Review: Death in the East by Abir Mukherjee

9781787300583Death in the East | Abir Mukherjee | Harvill Secker | 19 November 2019 | RRP $33.00 | 9781787300583

“…if the universe gave you a chance for redemption, you’d bloody well better take it, because second chances were rare and third chances were non-existent.”

Abir Mukherjee adds to his impressive slate of historical crime novels with Death in the East, the fourth mystery starring Calcutta police detective Captain Sam Wyndham and his Indian Sergeant, Surrender-not Banerjee. The mastery of his craft is on full show here, as Mukherjee expertly entwines two murders 17 years apart and on different continents: one in 1905, London, when Wyndham was a young, inexperienced constable; the other in 1922 Assam, the ‘present day’ in the series continuity, where Wyndham has sought the aid of a sainted monk to help conquer his opium addiction.

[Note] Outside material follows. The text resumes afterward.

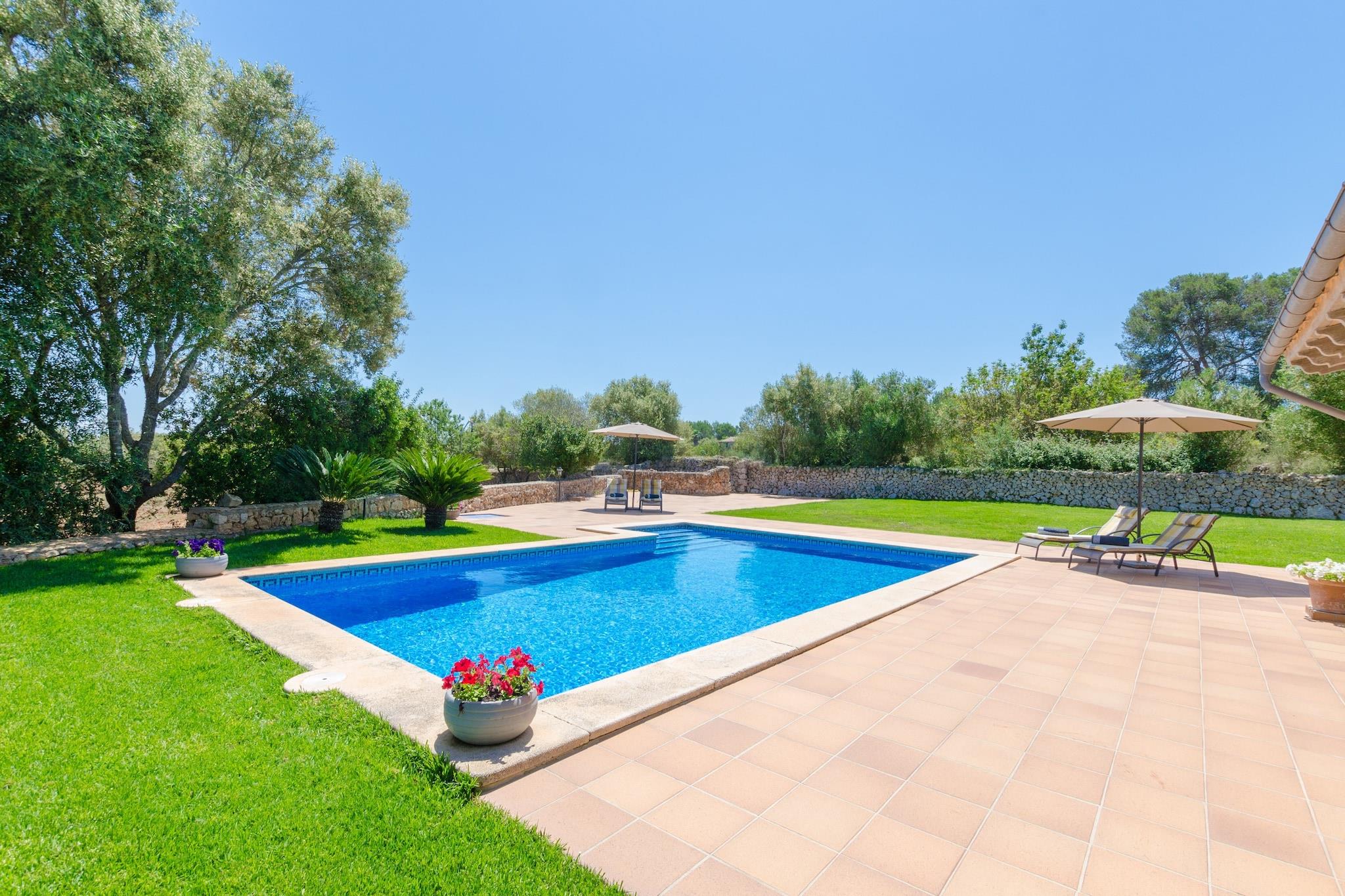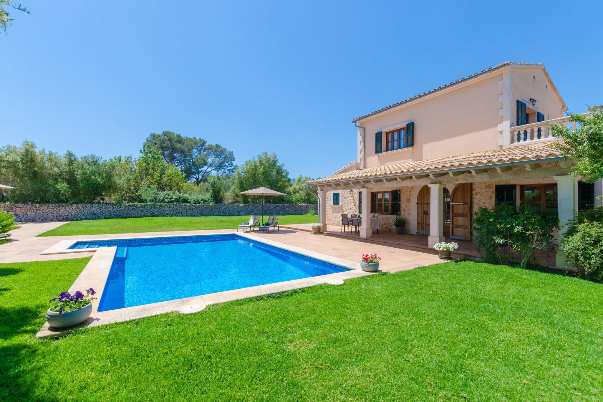 Slap af i rolige landskabelige omgivelser, hvor den private 9x5m pool er i centrum, omgivet af en grøn græsplæne og seks liggestole perfekt til lange eftermiddage i solen. En skyggefuld veranda tilbyder det ideelle sted til grill og udendørs spisning, hvilket gør aftenen lige så afslappende som dagene. Med masser af friluftsrum og udsigt over det rustikke to-etagers hjem føles hvert øjeblik udenfor forfriskende og roligt. Indvendigt blander villaen moderne komfort med varmt design. Det rummelige opholds- og spiseområde, komplet med aircondition, satellit-tv og musikanlæg, skaber et indbydende rum for familier og venner. Et fuldt udstyret køkken med gaskomfur, sammen med vaskefaciliteter, gør længere ophold ubesværet. Tre soveværelser, hver med dobbeltsenge og opbevaring, suppleres af tre badeværelser - to af dem en-suite - for ekstra privatliv. Centralvarme, aircondition, barneseng og høj stol sikrer komfort året rundt for alle gæster. Villaen er beliggende kun 2,4 km fra Lloret de Vistalegre og tilbyder nemme forbindelser på tværs af Mallorca. Den charmerende landsby Sineu, med sit ugentlige marked, ligger få minutter væk, mens Palma og strandene i Can Picafort er inden for en kort køretur. Gæsterne kan nyde autentisk mallorcansk spisning i nærliggende landsbyer eller udforske en række restauranter i Palma, kendt for sin blanding af tapasbarer og moderne køkken. Med golfbaner, kulturelle byer og sandstrande i nærheden gør denne villa det nemt at udforske øen.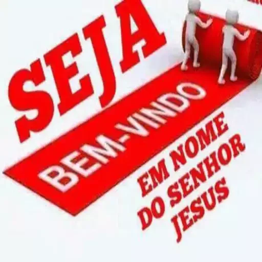 Um retângulo vermelho com as palavras 'Sejam Bem Vindos' em branco com contorno preto.

Mukherjee’s interrogations have the rare quality of gradually illuminating and thickening characters, plot, and setting. Alongside an ingenious murder method, Death in the East is abrim with racial tension, methodical detective work, and the hero’s appealing struggle to balance a thirst for revenge with his desire for justice. This might just be Wyndham and Banerjee finest hour. Mukherjee should be celebrated for his sterling consistency. There is no better author of crime fiction writing today — this series is excellent.